In a comment letter yesterday to House Speaker John Boehner (R-OH) and Minority Leader Nancy Pelosi (D-CA), NASAA renewed its strong opposition to provisions in the Entrepreneur Access to Capital Act (H.R. 2930) that would preempt state authority over crowdfunded securities. Although acknowledging that the concept of crowdfunding may be appealing as a way to provide small, innovative enterprises with access to capital that might not otherwise be available, NASAA observed that H.R. 2930 would only allow states to address investor losses after they occur. In NASAA's view, this will cause the public to lose confidence in this business funding method, thereby hurting efforts to make crowdfunding a viable means for raising capital. As currently written, therefore, NASAA regards the legislation as being well-intended, but structurally flawed.
NASAA observed that Section 4 of H.R. 2930 would preempt state laws requiring disclosures or reviewing exempted investment offerings before they are sold to the public. NASAA believes, however, that the authority to require such filings is critical to the ability of states to get "under the hood" of an offering to make sure that it is what it says it is. Moreover, as a matter of principle and policy, NASAA believes that states are the most appropriate regulators for offerings of this size. NASAA reminded the lawmakers that state regulators are closer, more accessible, and more in touch with the local and regional economic issues that affect both the issuer and the investor in a small business offering.
Although expressing appreciation for the efforts of Rep. Ed Perlmutter (D-CO) to produce a bipartisan amendment that would alleviate the states’ concerns with H.R. 2930's preemptive provisions, NASAA believes that the Perlmutter-McHenry amendment still falls far short of this goal. By simply clarifying that states "retain jurisdiction . . . to investigate and bring enforcement actions with respect to fraud or deceit," the amendment essentially restates the preemptive provisions as they existed in the original bill. The Perlmutter-McHenry amendment fails, therefore, to address the states' fundamental concern that H.R. 2930 will preempt of state authority to review crowdfunded securities prior to their offering.

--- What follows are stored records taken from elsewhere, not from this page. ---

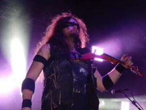 As duas seguintes, ambas de One Man Army, foram introduzidas com interação com a platéia: “Boa noite, São Paulo! Hoje vocês serão nossa Heathen Horde, então façam barulho!” e “Muito obrigado! A próxima é bem punk rock, então quero ver um mosh pit para Two Of Spades”, com alucinantes dois bumbos. King Of Storms teria especial participação dos russos do Kalevala agitando perto do bar, na parte da frente da pista, em especial da vocalista Xenia Markevich (membros do Elvenking preferiram ver um trecho do show do Ensiferum no fundo da pista). Com andamento quebrado, Treacherous Gods faria o show viajar do mais recente álbum para o primeiro, seguida da visceral In My Sword I Trust.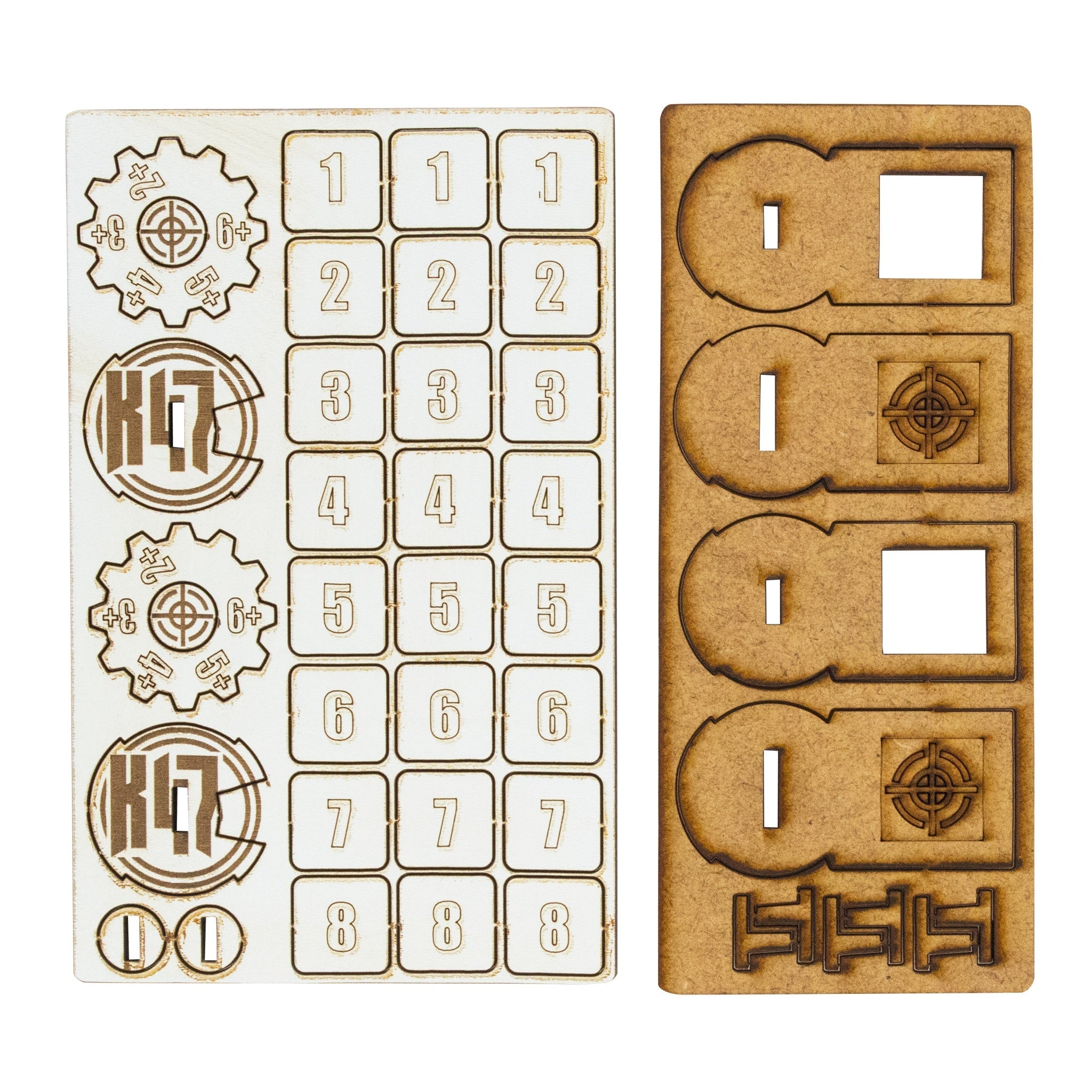 Made of high-quality laser-cut MDF and simple to assemble, these durable markers are an essential addition to every gaming bag! Pack contains two zeroing in markers.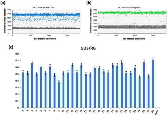 According to the Arabidopsis single-copy gene RG (AT1G03400.1) and the target gene gus, we designed a primer probe for a droplet digital PCR. The amplification results showed that the designed primer probe had high specificity, and the system could clearly distinguish between positive and negative microdrops (Figure 5a,b). The number of microdrops generated in the experiment exceeded 13,000, thus meeting the requirements of the Poisson distribution, and the relative standard deviation (RSD) value of the number of droplets formed by three replicates was less than 0.25, meeting the requirements of EU (European Union) nucleic acid molecular testing. The above results show that the droplet digital PCR system was stable and repeatable, and that the data was reliable [21,22,23,24].
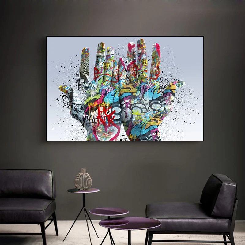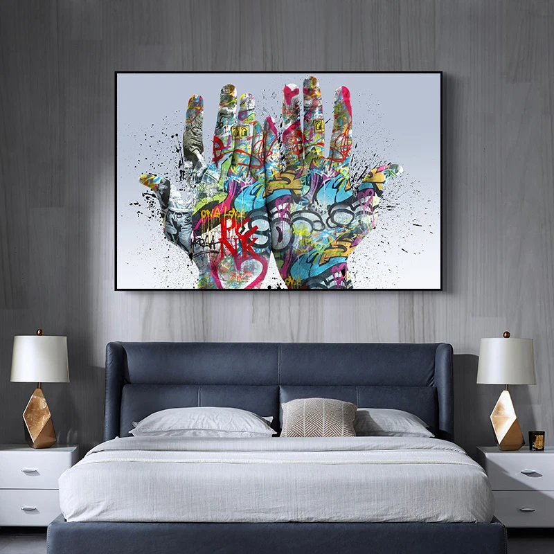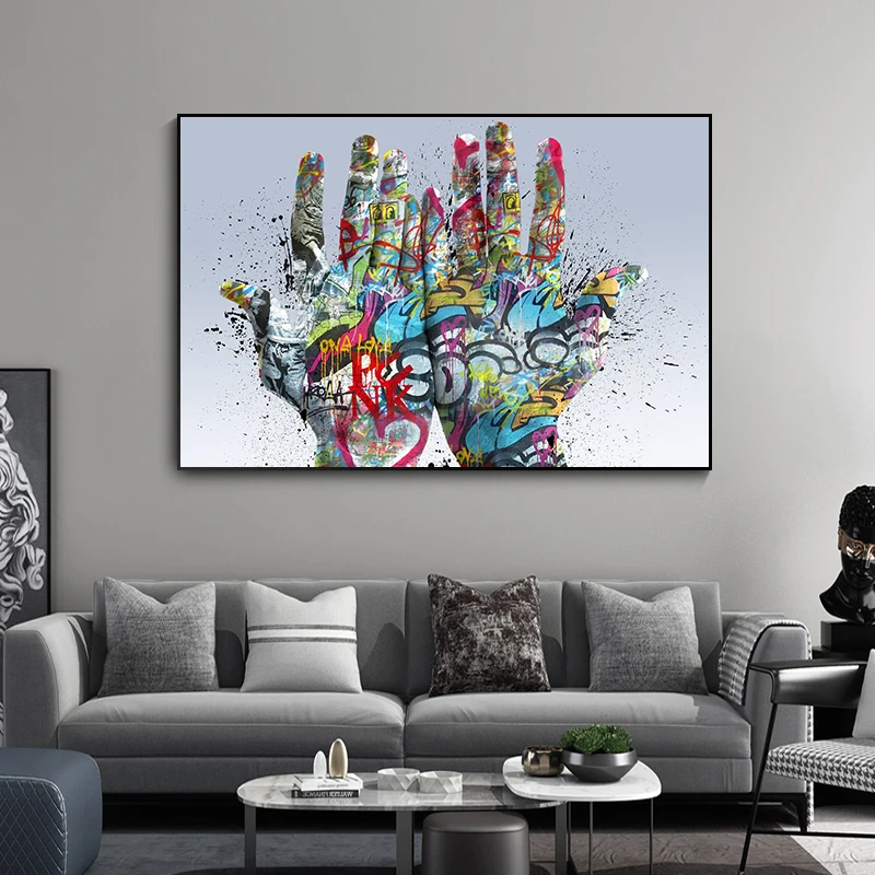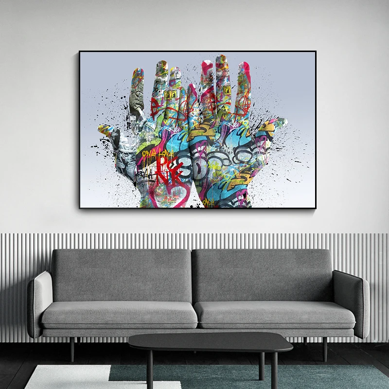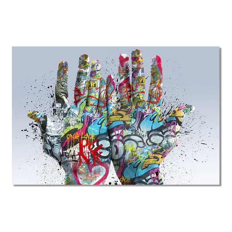 Картина две руки на холсте, плакаты и принты, Красочные уличные граффити, художественный Рисунок, креативная Настенная картина в скандинавском стиле для гостиной
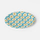 Cute Floral Daisy Pattern Mustard and Blue Paper Plate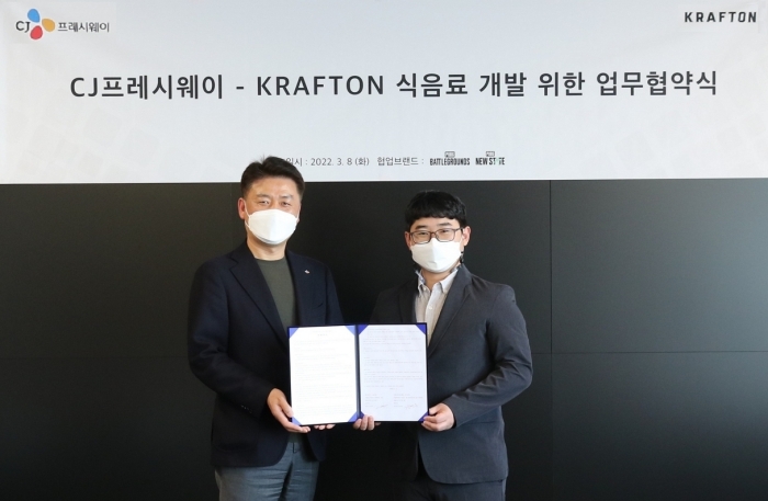 ... 크래프톤은 배틀그라운드 IP를 제공하며, CJ프레시웨이는 상품 개발 및 판매를 담당한다. 크래프톤은 협업을 통해 IP를 활용한 폭넓은 식음료 상품을 선보이며 게임 이용자와의 접점을 확대한다. 특히 트렌드를 이끄는 MZ세대에게 색다른 재미를 선사하고 관심을 사로잡을 것으로 예상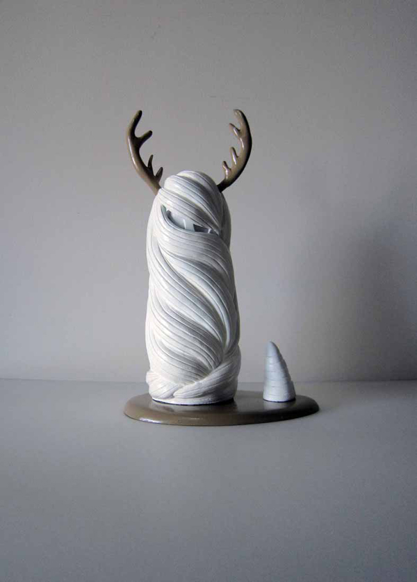 Su estilo, más allá de las etiquetas, resulta limpio pero oscuro. Su obra es como un cuento para niños donde sus personajes, sin dar miedo, lo intentan por su iconografía tenebrosa y de ciencia ficción. “En mi obra procuro abarcar tantas disciplinas artísticas como me apetece. Me gusta investigar y abrirme a nuevos mundos. En función de los proyectos puedo desarrollarlos de una manera u otra, según las necesidades, y, sinceramente, porque también me divierto más. Voy del grafito al acrílico, de pintar en papel, madera o pared a modelar arcilla, y lo que voy manteniendo son líneas estéticas de trabajo. Personajes infantiles, naturalezas, animales fantásticos y mucho, mucho blanco. Una vez me dijeron que mi oscuridad era blanca y es verdad”, explica la Agente Morillas.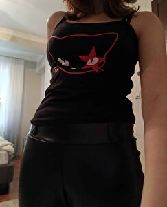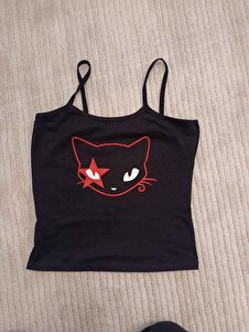 Siyah Red Eye Cat Face Askılı Crop Siyah Red Eye Cat Face Askılı Crop KHFT412 L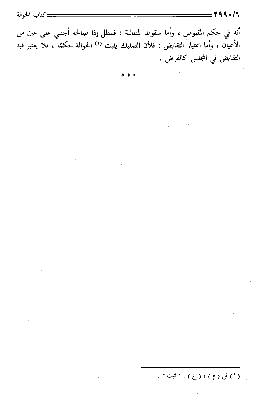 أنه في حكم المقبوض، وأما سقوط المطالبة: فيبطل إذا صالحه أجنبي على عين من الأعيان، وأما اعتبار التقابض: فلأن التمليك يثبت الحوالة حكمًا، فلا يعتبر فيه التقابض في المجلس كالقرض.

NASAA also opposed provisions of H.R. 2930 that allow for individual and aggregate investment caps which, the organization believes, go far beyond anything contemplated by the states or traditional advocates of crowdfunding. By setting an individual investment cap of 10 percent of annual income, or $10,000, NASAA believes that H.R. 2930 will create an exemption that will expose many more American families to potentially catastrophic financial harm. Moreover, H.R. 2930 would permit businesses to solicit investments of up to $2 million, in increments of $10,000 per investment. Such a high cap on aggregate investment makes the bill inconsistent with the expressed rationale for the crowdfunding exception, NASAA believes. In the opinion of state regulators, a company that is sufficiently large to warrant the raising of $2 million in investment capital is also a company that can afford to comply with the applicable registration and filing requirements.